Specifically, the recipe for developing an intelligent robot must follow these major steps:

  1. Fabrication: Design and fabricate a mechanism with sensing, actuation, and computing capabilities to fulfill the intended task.

  2. Measurement: Develop measurement apparatus(es) and a testing protocol to observe the function of the mechanism

  3. Calibration: Use measurements to calibrate (or learn) a model of the mechanism's dynamics, actuation, and sensing.

  4. Control: Develop and validate a control subsystem that maintains system stability and provides medium-level functionality for planning.

  5. Knowledge representation: Decide upon a knowledge representation to be shared between planning and perception subsystems.

  6. Perception: Develop and evaluate a perception subsystem that produces knowledge relevant to the task (robot state, maps, object identities)

  7. Planning: Implement and test a planning subsystem that generates feasible trajectories to accomplish high-level tasks.

  8. Supervisor: Develop a high-level supervisor that schedules tasks, provides a user interface, etc.

  9. Testing and evaluation: Test the entire system in the field (on the real task in the real world, and perhaps with human end-users).

It is important to note that these steps are almost never followed linearly, because robot design is a cyclic process of trial and error. Any robotics project will incur many, many design cycles over its lifetime. For example, unless the team is limited to an established robot platform, or purchasing off-the-shelf parts, redesigns of the mechanism usually occur after steps 3, 4, and 6. Mechanical redesigns may also occur after planning tests to make task execution more successful. On the software side, new knowledge, perception, and planning requirements are bound to arise as tasks are tested more thoroughly. After testing with end-users, it is not uncommon to go all the way "back to the drawing board" to build a new mechanism! A wise roboticist will develop their later components to rapidly accommodate minor mechanical changes.

Buying an established robot platform can greatly speed up development time by shortcutting steps 1-4, but many vendors sell fairly raw hardware (requiring a rehash of steps 2-4). Also, there may be locked-in decisions that prevent certain functionality to be implemented later. To use a robot as a haptic device, make sure its motor controllers provide high-rate feedback and a force control mode! To have your robot navigate outdoors, make sure that it has a laser sensor or stereo vision rather than a structured light sensor! This makes it very important to examine the technical specs of a robot — even the most mundane details — with a fine-toothed comb before making a purchase.

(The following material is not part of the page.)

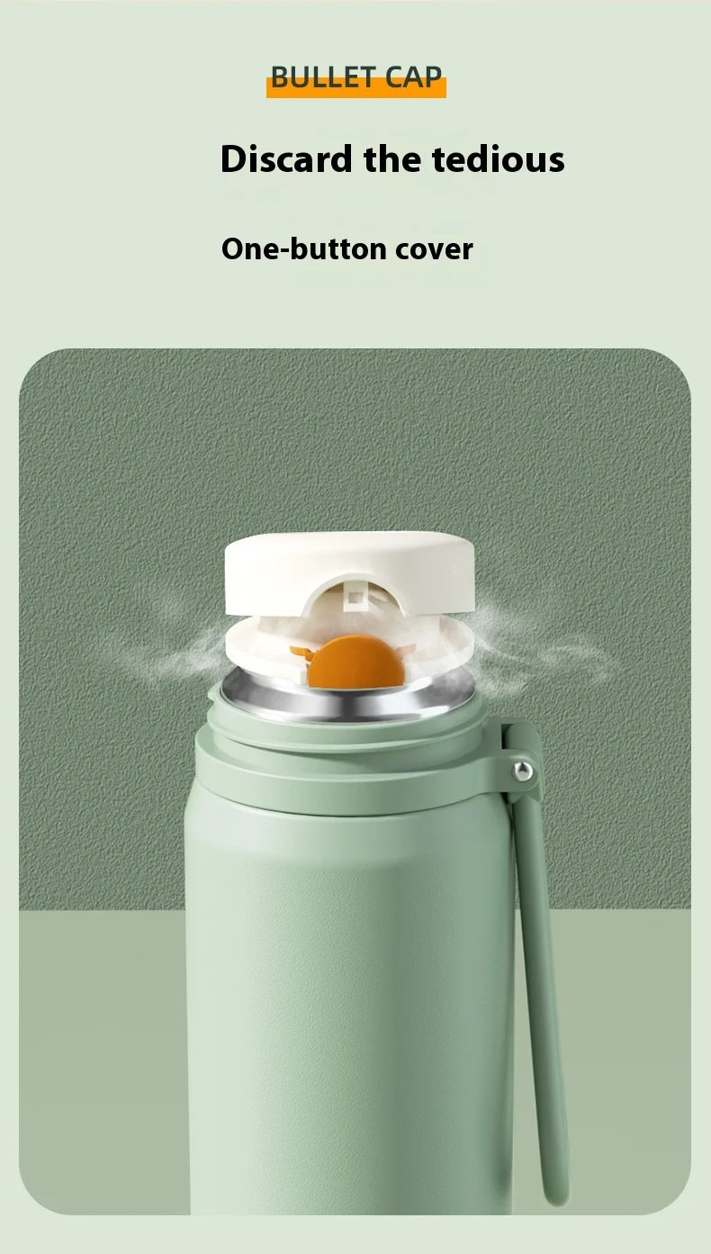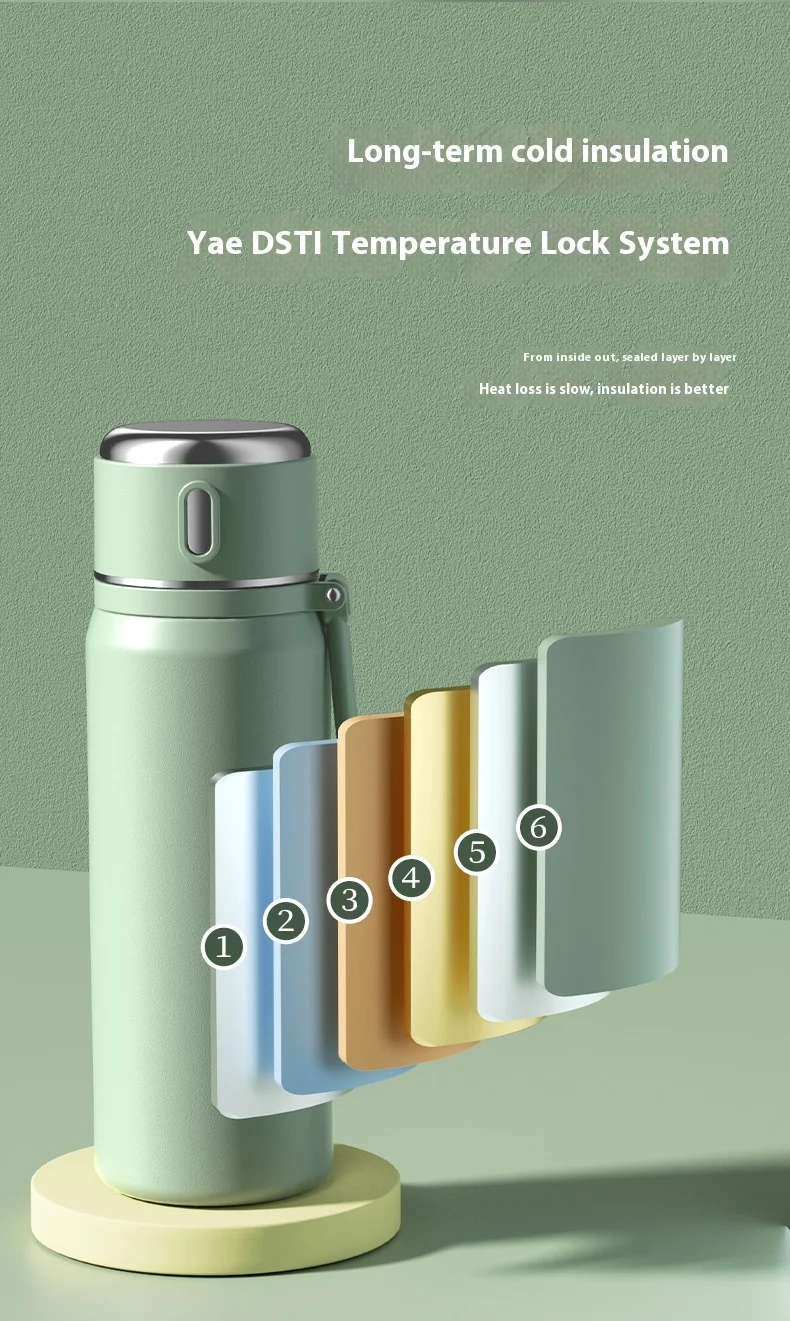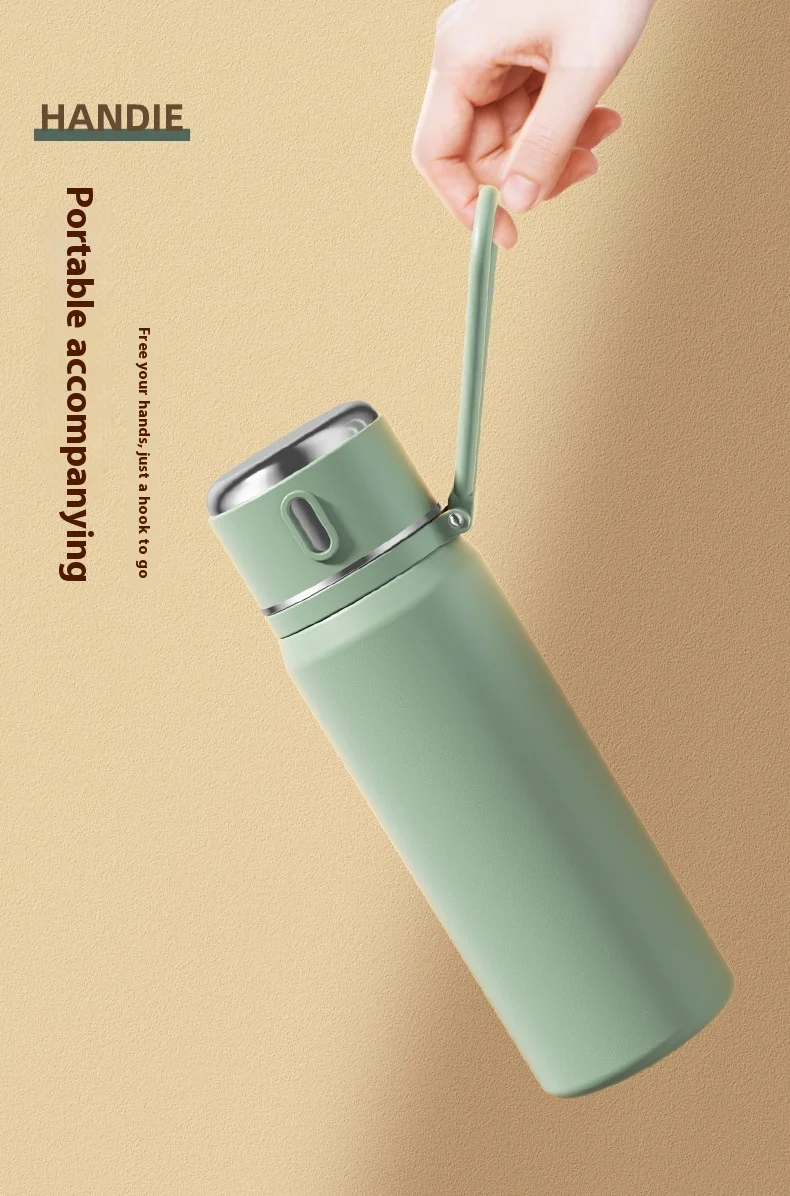 450/550ml 316 Stainless Steel Thermos Bottle Smart Temperature Display One Cup Two Drinks with Filter Screen Portable Handle

The theory, mathematics, and algorithms that are discussed in this book are designed to facilitate the development of functional robots. For example, it is unnecessary to go to "square one" for every component of a robot, as long as that component is deeply understood. A good roboticist will understand which off-the-shelf techniques apply, and where. However, there is no substitute for real-world testing!

Testing is one of the most painful parts of robotics, but ultimately one of its most satisfying. Although a given technique might be theoretically beautiful, it will have been largely tested in the lab, making certain idealizations of the real world, or for a slightly different use case. The bulk of time spent doing robotics work is usually tweaking, tuning, and testing these tried-and-true techniques until they fit for the problem at hand. But once the technique is validated by thorough field testing, its merits are unimpeachable!

In summary, a good roboticist:

  • Understands the robot development process.

  • "Minds the gaps:" understands how their sub-system works with other components of the project.

  • Is not afraid of testing.

  • Clearly communicates the assumptions, performance measures, and limitations of their sub-system.

  • Understands the assumptions made by any technique before employing it successfully in practice — or making the tweaks necessary to make it work.

  • Is aware of classical and state-of-the-art techniques.

  • Is up-to-date on current design tools, hardware, software, algorithms, and programming languages used in robotics.

Footnotes

[1]: Presumably, by time of publication, self-driving cars are not yet widely commercially available.